General Motors Corp. announced Feb. 12 that it wants to buy out all of its 74,000 U.S. hourly employees who are represented by the United Auto Workers. If the plan works it will trigger one of the largest reductions in the unionized auto work force in living memory and eventually require the union to start rebuilding itself all over again.
Communities that depend on auto production see this permanent elimination of auto jobs as an increased threat to their economies. In Michigan and Ohio, particularly, cities and town are already being crushed by the mortgage foreclosure crisis. |
Ford Motor Co. and Chrysler LLC already have announced similar buyout offers.
Ford announced last month it will offer buyouts to all of its 54,000 UAW represented employees who it wants out the door by April.
Chrysler, which is trying to cut up to 21,000 of its 45,000 UAW employees, is giving workers on temporary or indefinite layoff up to $100,000 to sever ties with the company. Chrysler says it also wants everybody out by April.
Immediately after the cuts were announced Tuesday by GM shares rose 75 cents, or 2.8 percent, to $27.87 in stock market trading.
GM conducted a round of buyouts in 2006, when 34,410 workers left the company.
The buyouts, which amount to a new round of unprecedented jobs cuts by all three Detroit auto makers, come just months after promises of job security convinced a majority of union members at the Big Three companies to ratify four year contracts many feel would otherwise have been rejected. The contracts, which were opposed by many union local leaders and by many workers, were the most concessionary of any in the auto industry’s history.
The latest strategy of mass buyouts allows the auto giants to permanently shrink the work force while it lessens worker anger by bringing back some of those who have been laid off. Workers with less seniority, in turn, are frightened or lured into taking one time cash payments of $100,000 - $140,000 and give up their good paying union jobs forever.
GM is giving workers just 45 days to make the life changing decision it is asking them to make.

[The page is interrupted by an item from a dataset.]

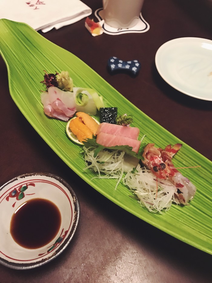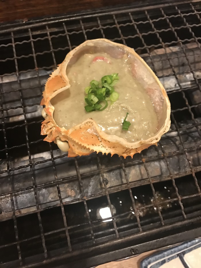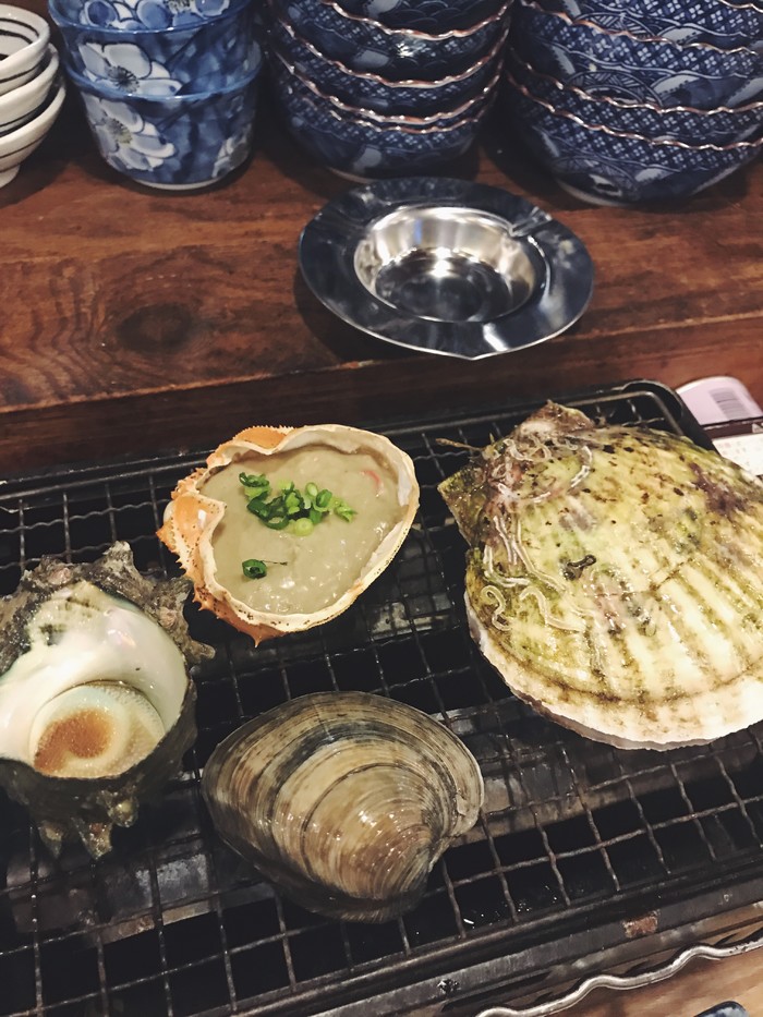 烤蟹斗超级推荐,加了味噌,吃起来特别香。墨鱼干和玉子烧是免费送的,我直接吃了,看其他日本人是在网子上烤着吃。海鲜都是筑地直送,算是为东京之行画上完美的句号。

Rick Wagoner, the company’s CEO, has made it clear that if enough workers don’t rush their life altering decision the company will respond with more forced layoffs and perhaps additional plant closings.
Communities that depend on auto production see this permanent elimination of auto jobs as an increased threat to their economies. In Michigan and Ohio, particularly, cities and town are already being crushed by the mortgage foreclosure crisis.
For GM, however, things are looking up. With the new contract and the additional cuts the company expects, in four years, to cut labor costs in half. Add in Ford and Chrysler and the companies have a combined labor cost savings of something like $6.5 million per hour, according to the Detroit News.
Observers also note that the companies would not be beyond using the immediate cost of the buyouts as a “net loss,” requiring new concessions in the middle of the contract. The current contract allows the company to do this.
GM has already made clear what it intends to do with all the extra money it makes as a result of the buyouts. “Within a decade, up to 75 percent of GM sales could be in foreign markets,” Wagoner told the Detroit News on Jan. 18.
The companies are also transferring production from union plants in America to non-union operations in Latin America and Asia.